Historic preservation organization in Atlanta

Atlanta Preservation Center is a nonprofit organization in Atlanta, Georgia dedicated to preserving and celebrating historic buildings. The organization hosts tours, brings awareness to what it sees as Atlanta's most endangered sites, and works to help preserve buildings directly or by donating their time and expertise.

== Tours ==
The organization hosts behind-the-scenes tours of historic places in Atlanta, including as part of its annual celebration of living landmarks it calls "Phoenix Flies". As of 2015, the organization gave 10 different tours around Atlanta.

== Preservation ==
The organization also restores historic structures and helps organize the process for listing sites on historic registries.

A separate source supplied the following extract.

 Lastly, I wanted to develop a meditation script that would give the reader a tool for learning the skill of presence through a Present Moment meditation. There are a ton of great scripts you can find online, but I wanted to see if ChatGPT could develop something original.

It organized the process for getting English Avenue Elementary School successfully listed on the National Register of Historic Places in 2020. The center was also one of the cofounders of Easements Atlanta, along with the Atlanta History Center, to help mitigate the costs of preserving historic facades of buildings. It purchased Lemuel P. Grant Mansion in 2001 and has spent over $1 million restoring while using it as the group's headquarters.

== Most Endangered Historic Places list ==
The Center started publishing a Most Endangered Historic Places list in 2001. The list has helped to preserve buildings including the Georgian Terrace, King Plow Arts Center, the 1924 Rich's building.